This initially axisymmetric configuration is dynamically unstable toward the
development of a so-called bar-mode instability; actually, the unstable
eigenfunction has a slight two-armed spiral character. Here is the movie
that shows the nonlinear development of this instability:
[This Quicktime movie is 5.907 MBytes in size.]
This evolution is viewed from the inertial frame of reference. After "ejecting" a small portion of its mass into a "circumstellar" disk/ring, the model settles down into a nearly steady-state, rotating bar-like configuration that, for all intents and purposes is a compressible analog of a Riemann ellipsoid. (This is the theme of the CT00 paper, mentioned above.)
In order to illustrate how close this configuration was to a steady-state
system, Cazes shifted the simulation into a frame of reference that was
rotating with the pattern speed of the bar, then extended the evolution
for several more pattern rotation periods. Here is the movie
showing this segment of the evolution from a frame that is rotating with
the bar's overall pattern speed:
[This Quicktime movie is 7.169 MBytes in size.]
For additional properties of this system, both at the start and at the end of this movie, see Table 2 of CT00.
Cazes then "cooled" this steady-state model in a manner that is described
in Chapter 5 of his dissertation. (This portion of the simulation has
not been submitted for formal publication.) Here is a movie illustrating
the last phase of this cooling evolution:
[This Quicktime movie is 8.514 MBytes in size.]
A more detailed discussion of this "cooling" evolution is presented on the following URL: http://www.phys.lsu.edu/astro/movie_captions/fission.html. A few additional movie sequences that illustrate the internal flow of this system can also be found linked to this URL.
This initially axisymmetric configuration is dynamically unstable toward the
development of a so-called bar-mode instability. You'll note, however,
that in this case the unstable eigenfunction has much less of a spiral
character than "Model A," shown above. Here is the movie
that shows the nonlinear development of this instability as viewed
from the inertial reference frame:
[This Quicktime movie is 10.8 MBytes in size.]
This model also settles down into a nearly steady-state, rotating bar-like configuration that, for all intents and purposes is a compressible analog of a Riemann ellipsoid. It evolves to this configuration with much less fan-fare, however; very little mass or angular momentum is shed in the equatorial plane. This indicates to us that the initially selected distibution of angular momentum in this model (uniform vortensity) is fairly well suited to a barlike configuration.

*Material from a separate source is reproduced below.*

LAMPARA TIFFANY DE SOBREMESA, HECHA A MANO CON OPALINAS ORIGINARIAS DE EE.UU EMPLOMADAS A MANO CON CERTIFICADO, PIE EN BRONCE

In order to illustrate how close this configuration was to a steady-state
system, Cazes shifted the simulation into a frame of reference that was
rotating with the pattern speed of the bar, then extended the evolution
for several more pattern rotation periods. Here is the movie
showing this segment of the evolution:
[This Quicktime movie is 14.1 MBytes in size.]
For additional properties of this system, both at the start and at the end of this movie, see Table 3 of CT00.

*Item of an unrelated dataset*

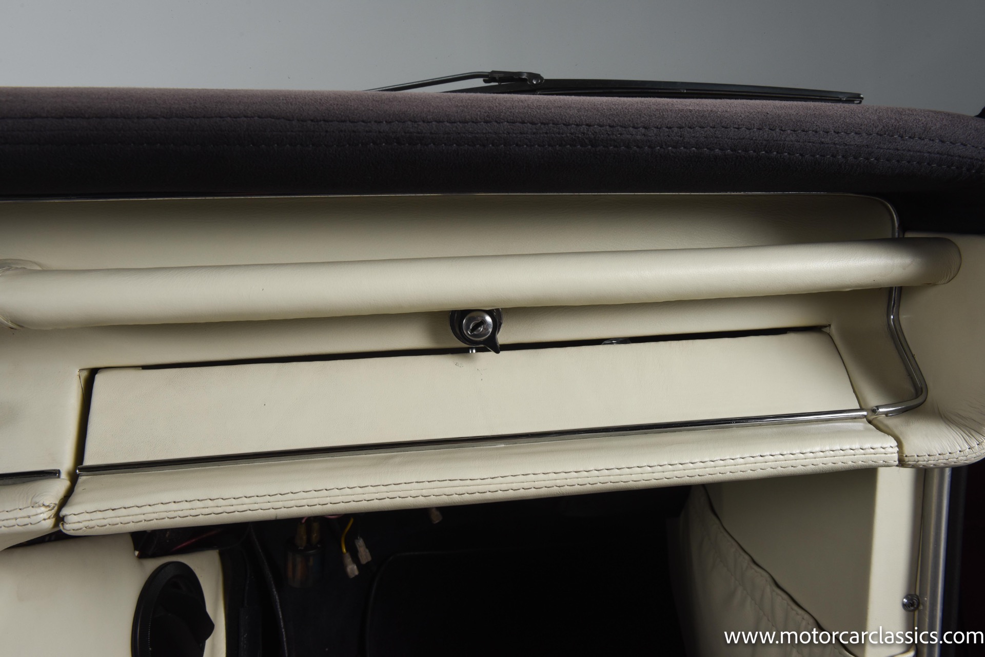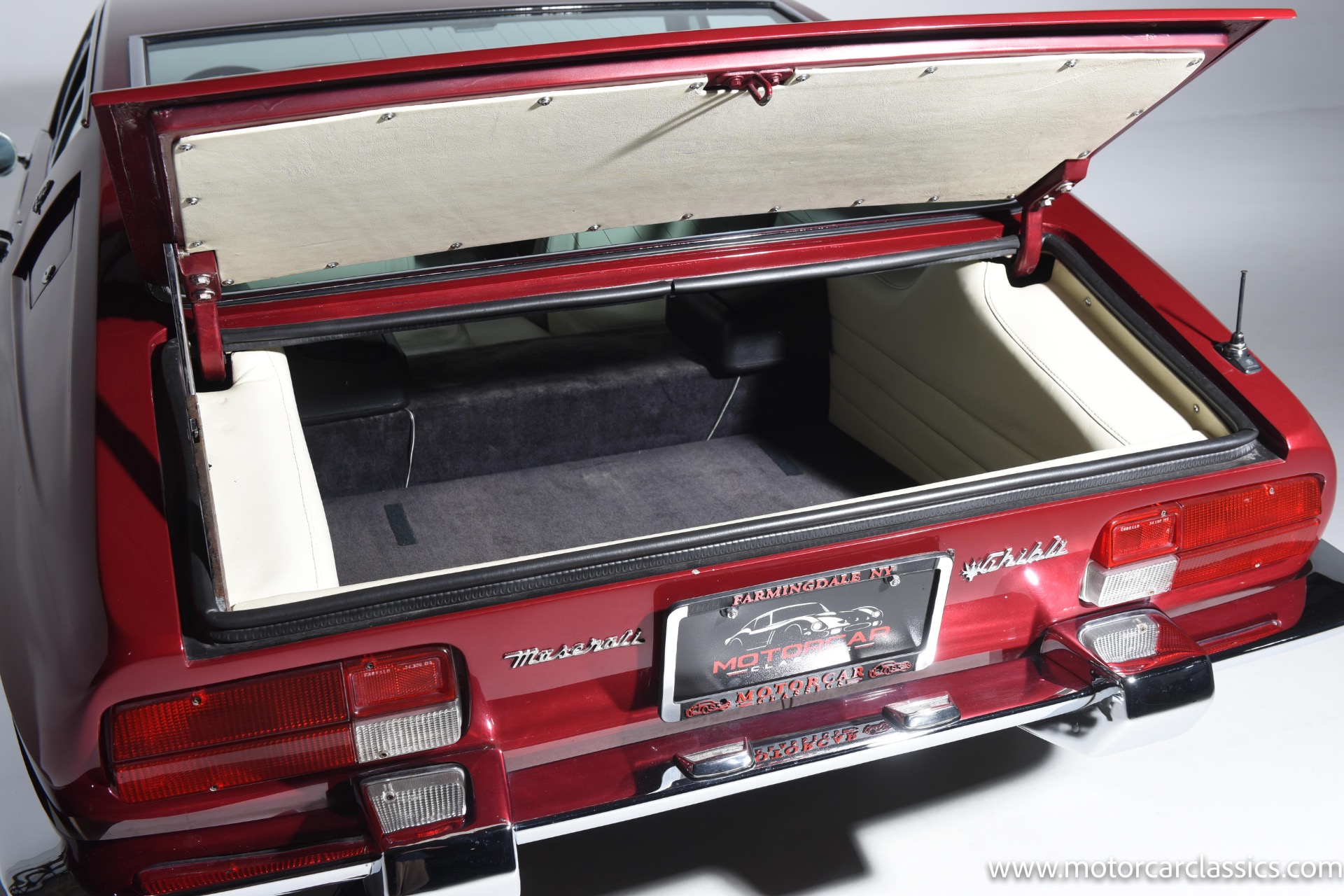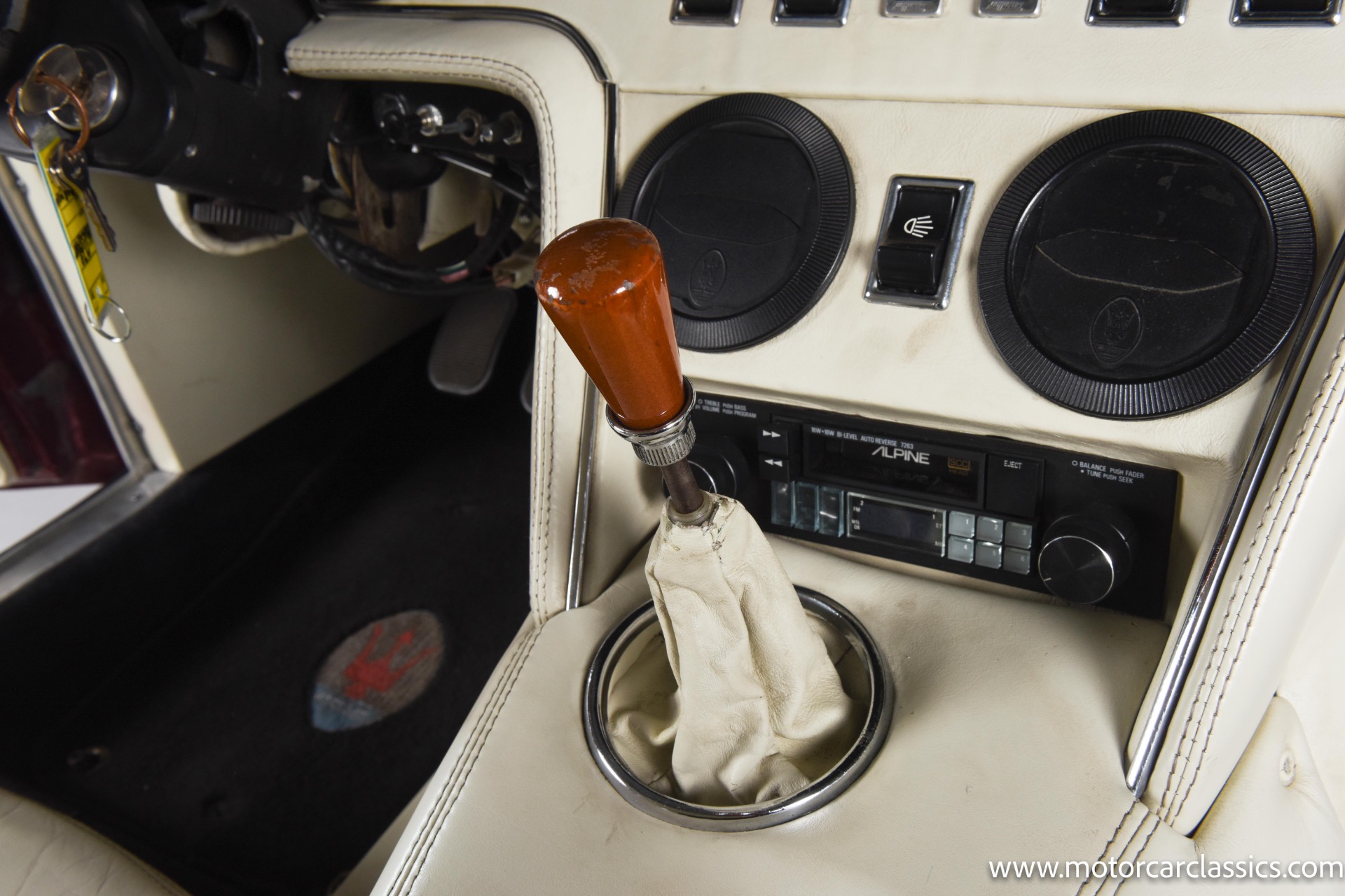 The Ghibli was designed by Giorgetto Giugiaro while at Ghia, and its sleek, low-slung body remains a masterpiece of automotive design. This particular example features a striking metallic burgundy exterior, a color change from its original pale blue that beautifully complements the original white upholstery and chrome wire wheels. The interior is in excellent condition, with well-preserved dash fuzz, instruments, carpets, and glass. The car has been meticulously maintained as part of a multi-Maserati collection during 30 years of ownership, benefiting from regular use and attentive servicing.

This initially axisymmetric configuration is dynamically unstable toward the
development of a so-called bar-mode instability. Here is the movie
that shows the nonlinear development of this instability, as viewed from
the inertial reference frame:
[This Quicktime movie is 17.4 MBytes in size.]
This model's evolution is similar to Cazes' Model B evolution. Its differences can be attributed to two things: (a) This model has a higher initial value of T/|W|, so it has more of a spiral eigenfunction and its nonlinear deformation is a bit more severe. (b) This model filled a larger fraction of the grid (radially) initially, so when it expanded, it hit the edge of the grid and some of the mass/angular momentum was lost off of the grid.

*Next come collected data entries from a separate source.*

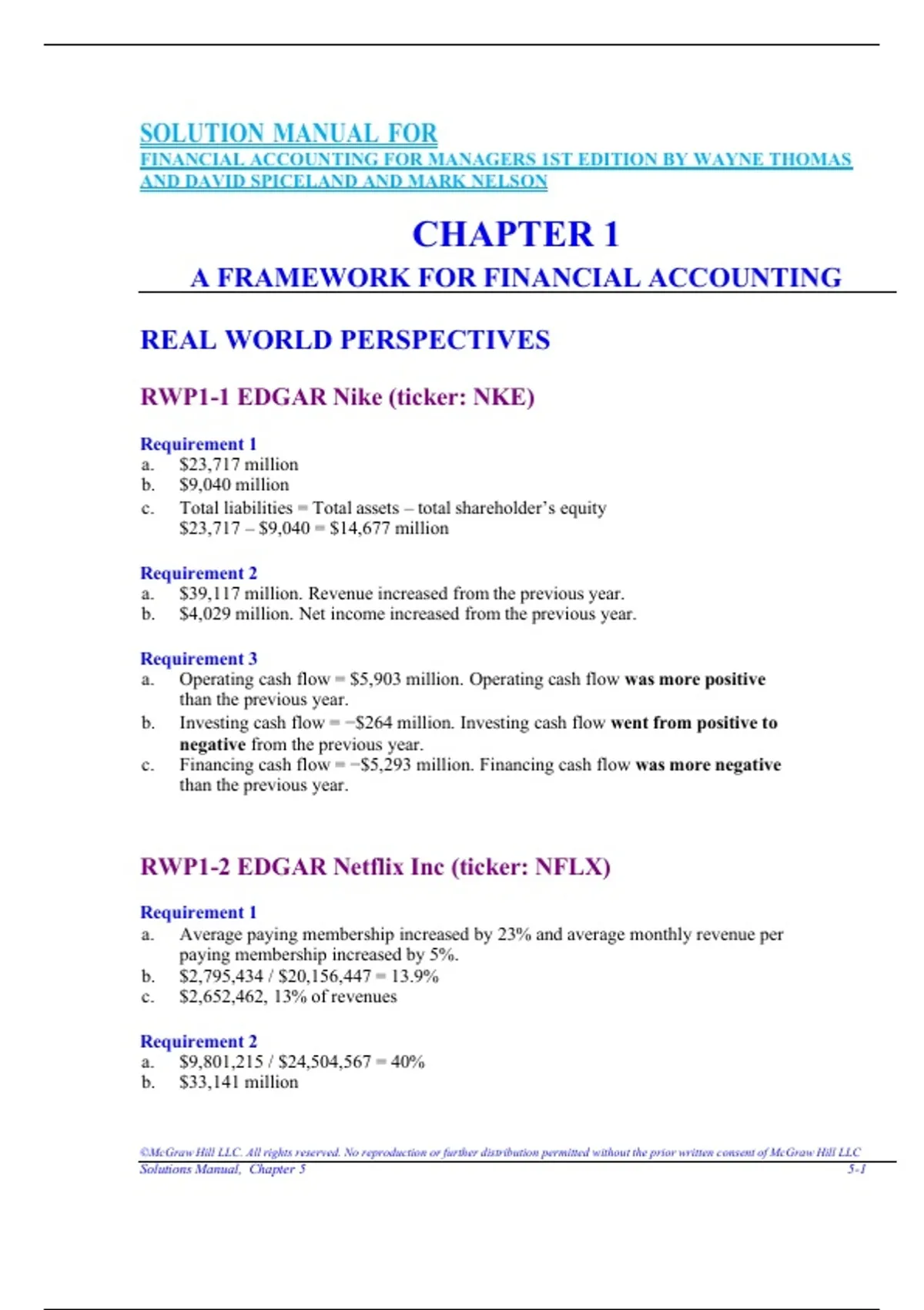 SOLUTION MANUAL FOR FINANCIAL ACCOUNTING FOR MANAGERS 1ST EDITION BY WAYNE THOMAS AND DAVID SPICELAND AND MARK NELSON
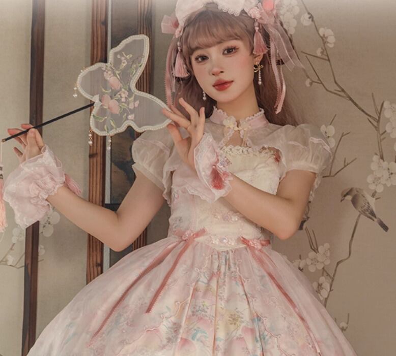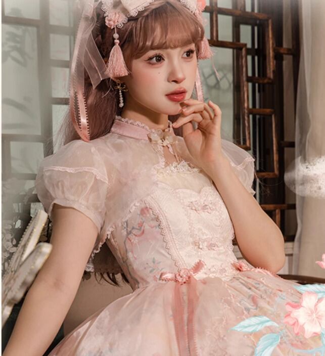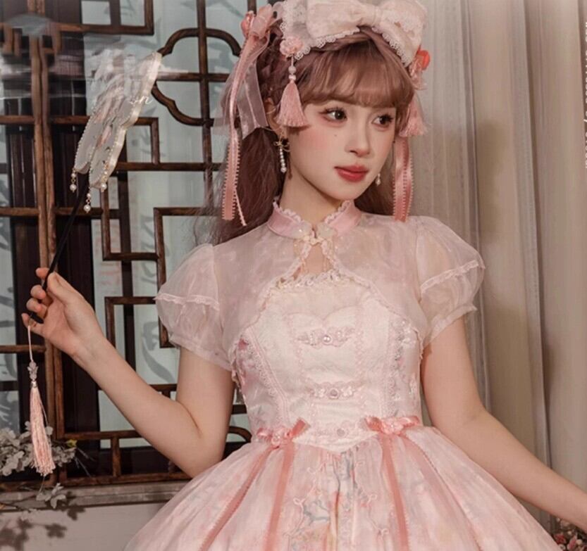 華ロリ 中華ロリ ボレロ のみ トップス 半袖 シフォン 透け感 シースルー アジアン 中国風 チャイナ フェミニン 華やか 春夏コーデ 撮影 イベント
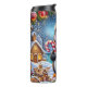 Cette charmante illustration présente un mignon pingouin moelleux portant un chapeau de Père Noël et un foulard rayé. Le pingouin tient un sucre de canne et une tasse de cacao chaud dans un merveilleux pays d'hiver magique avec des maisons en pain d'épices et des arbres de Noël décorés, créant une scène de vacances cosy et adorable.
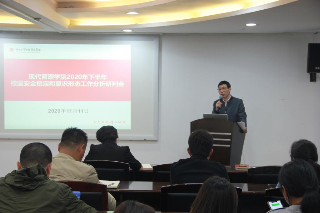 为了贯彻落实高校基层党组织校园安全稳定与意识形态工作责任制,2020年11月11日下午,现代管理学院在温州风险投资研究院会议室召开2020年下半年校园安全稳定与意识形态工作分析研判会,现代管理学院党政领导、办公室主任、实训中心主任、全体辅导员和班主任参加会议,会议由现代管理学院党总支书记项光春主持。
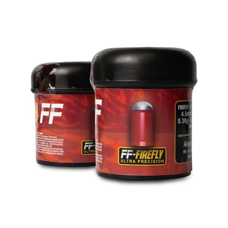 Chumbinho 4.5 mm - Características: Fabricante: FF (Fire Feldman) Calibre: 4.5 mm (.22) Modelo: FIREFLY ULTRA PRECISION Tipo: Chumbinho 4.5 Indicação de uso: Tiro esportivo e caça Peso (chumbinho unitário): 0.38 gramas - 5,87 grams Material: Óxido de titânio, zinco, cobre e verniz deslizante Material da cápsula: Polímero com aditivos especiais FF Cor da cápsula: Laranja Tipo de ponta: Pontiaguda Tipo de saia: Envolto com cápsula de polímero Comprimento: 14 mm Finalidade: Tiros de alta penetração e impacto Velocidade de trajetória (150 bar): 360 m/s Lubrificante: Xspeed-Pro Conteúdo da lata: 100 chumbinhos Peso da caixa: 50 gramas Compatibilidade: Carabina de pressão 4.5 mm Uso recomendado: Carabina PCP e Gás Ram com mais de 15 joules

Shangli "cooled" this model in the same manner as John Cazes had cooled
his "model A" earlier. But he cooled it a bit more slowly than the
earlier model. Here is a movie illustrating this entire "cooling"
evolution as viewed from a frame rotating with the initial pattern
frequency of the bar:
[This Quicktime movie is 12.946 MBytes in size.]
Note, as of 28 July 2002, we have not finished evolving this system. It looks like the "binary" amplitude is still slowly growing and, as expected, the pattern frequency is continuing to get higher as the system contracts.
This initially axisymmetric configuration is dynamically unstable toward the
development of a so-called bar-mode instability. Here is the movie
that shows the nonlinear development of this instability, as viewed from
the inertial reference frame:
[This Quicktime movie is 10.264 MBytes in size.]
Note that as of 28 July 2002, we are still running this evolution. It looks like the system is near its steady-state configuration and is therefore is almost ready to "cool."